A major deterrent to conclusively identifying the mode of action is that it is difficult to measure rates of lipogenesis in vivo. It is also very likely that potencies differ among β-agonists, especially in terms of their relative effects on lipolysis and lipogenesis as well as the response between different species.

The ability of many β-agonists to induce a decrease in adipose tissue and at the same time an increase in skeletal muscle is a very useful attribute for animal production. However, there are agonists developed for other purposes that reduce adipose tissue without increasing lean mass, for example BRL 35135 (Arch and Ainsworth, 1983; Arch et al., 1984).

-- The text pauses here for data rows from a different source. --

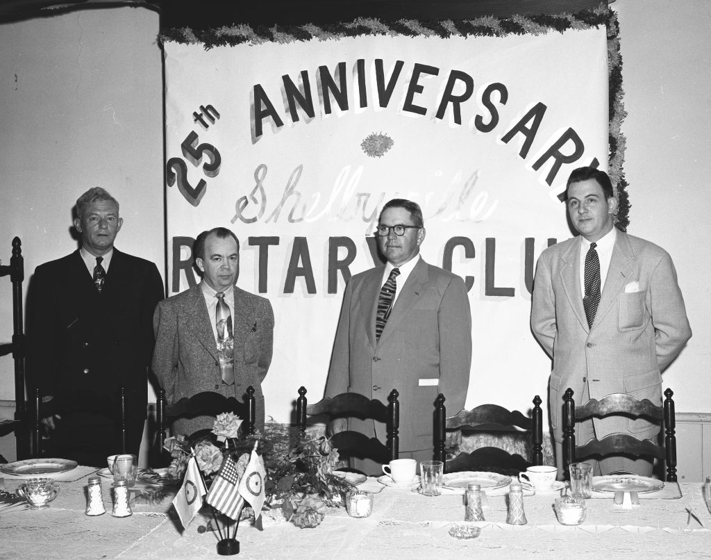The Shelbyville Rotary Club celebrated its 25th anniversary in 1952. On hand for the occasion were, unidentified person, longtime club secretary-treasurer Judge Coleman Wright, Horace Cleveland, and Mark Scearce.
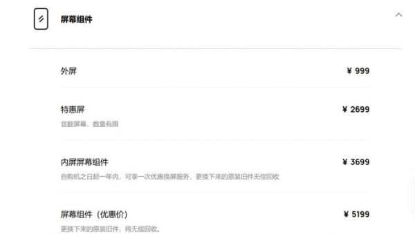 其中以华为Mate X6的12+256版本为例:外屏999元,内屏优惠价为2699元、标准价则是3699元,电池299元,后盖579元。主板优惠价3179元,标准价4499元,摄像头总和2994元。
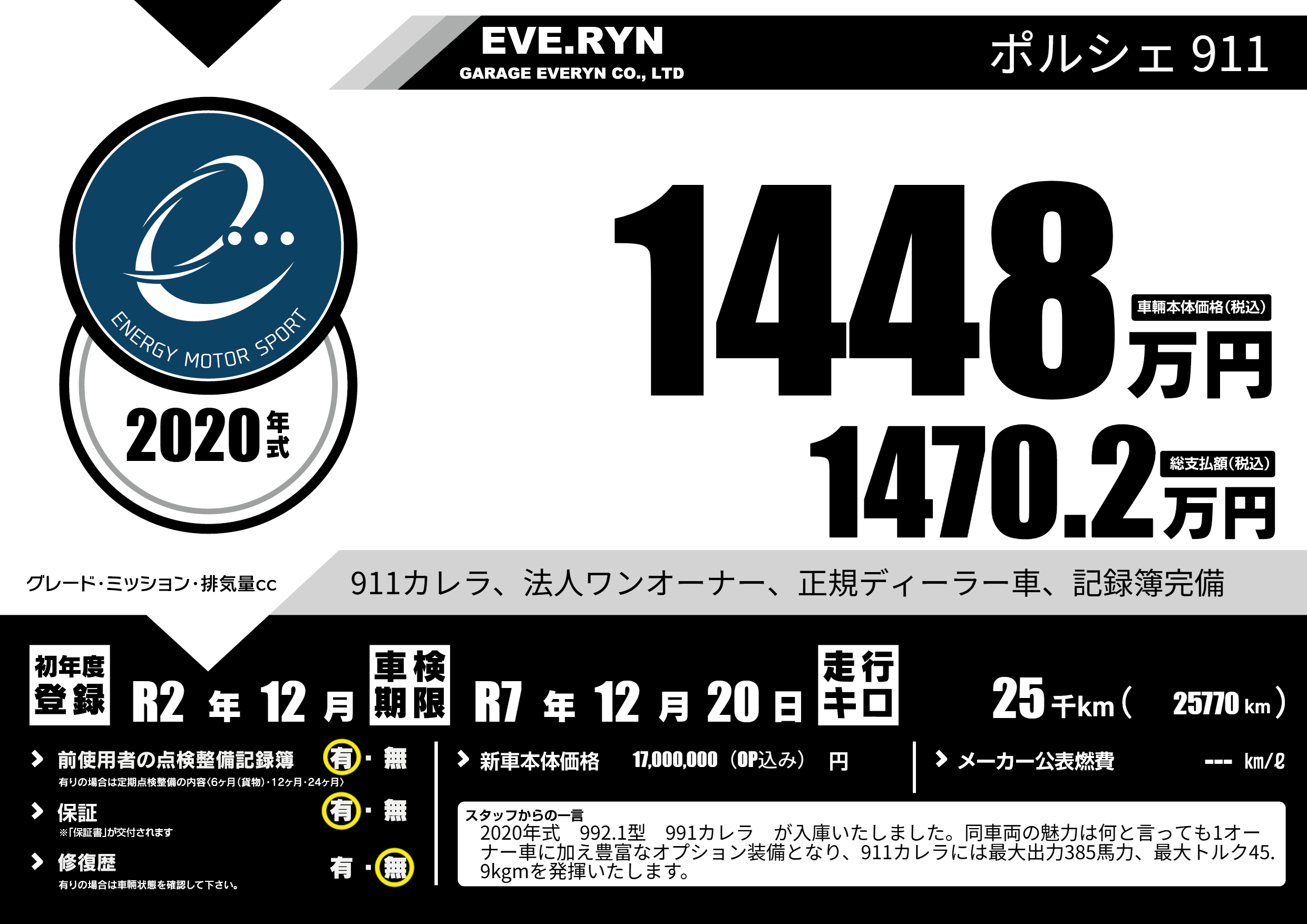 | 車名 | ポルシェ 911 | グレード ミッション 排気量 |
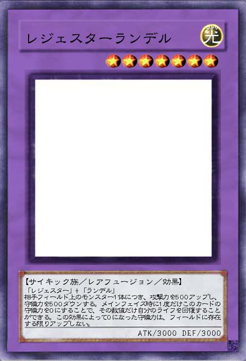 | 「レジェスター」+「ランデル」 相手フィールド上のモンスター1体につき、攻撃力を500アップし、守備力を500ダウンする。メインフェイズ時に1度だけこのカードの守備力を0にすることで、その数値だけ自分のライフを回復することができる。この効果によって0になった守備力は、フィールドに存在する限りアップしない。 | |||
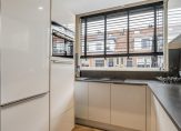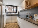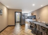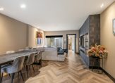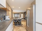 De moderne keukenopstelling is door de fijne indeling van alle gemakken voorzien en beschikt over een losse Amerikaanse koelkast, inductie kookplaat met geïntegreerde afzuiging, vaatwasser, combi-oven en veel opbergruimte.
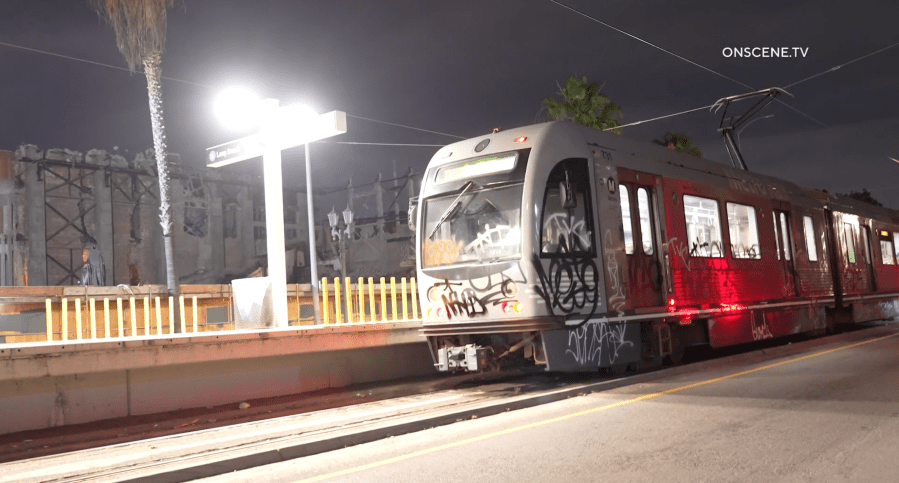 “Around midnight, approximately 50 trespassers blocked two A Line trains traveling northbound and southbound at the intersection of Washington Boulevard and Maple Street, south of downtown Los Angeles,” Metro said in a statement given to KTLA. “The trespassers began to spray paint on both trains and gained entry into the southbound train and sprayed paint on the interior of the train. During the incident, no operators or passengers were harmed and service was delayed around 20 minutes.”
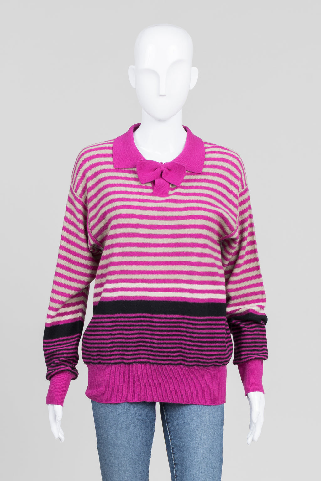 Sonia Rykiel wool/angora fuschia collared sweater with beige/black stripe motif

It therefore seems that the increase in lean mass seen with many β-2-selective agonists is not simply a consequence of the reduced amount of energy stored in adipose tissue.

Interaction between Treatment and Dietary Intake

There have been relatively few reports in which the interaction between response to β-agonists and dietary protein and/or energy intake was investigated. Dry-matter intake is commonly reduced on initial exposure to the β-agonists but most often returns to normal within a short time and remains unchanged thereafter. The repartitioning effects of β-agonists are reported to occur in both adequate and restricted feeding conditions in lambs (Hovell et al., 1989; Kim et al., 1989) and pigs (Bracher-Jakob and Blum, 1990; Bracher-Jakob et al., 1990; Dunshea et al., 1991). However, significant increases in growth rate tend to occur only in well-fed animals. Even these effects can be lost if the animals become refractory to the compound or if the dose rate is increased (see, e.g., the data assembled by Williams, 1987; Beermann, 1993).

Providing adequate supplies of amino acids and energy is prerequisite to optimizing rate and efficiency of protein use for growth in normal management systems and may be particularly important when protein deposition rates are enhanced by β-agonist administration. Increased skeletal muscle protein deposition will increase the requirement for individual amino acids unless there is an increase in the efficiency with which dietary protein (amino acids) is used for growth. Inadequate protein intake constrains the magnitude of improvement in growth performance, nitrogen balance, or the degree to which protein accretion rate or skeletal muscle growth is enhanced by ractopamine in pigs (Anderson et al., 1987; Adeola et al., 1990; Dunshea et al., 1991; Mitchell et al., 1991). Anderson et al. (1987) observed that nitrogen retention in swine fed ractopamine is enhanced with an 18 percent crude protein diet, but nitrogen retention was reduced with a 12 percent protein diet.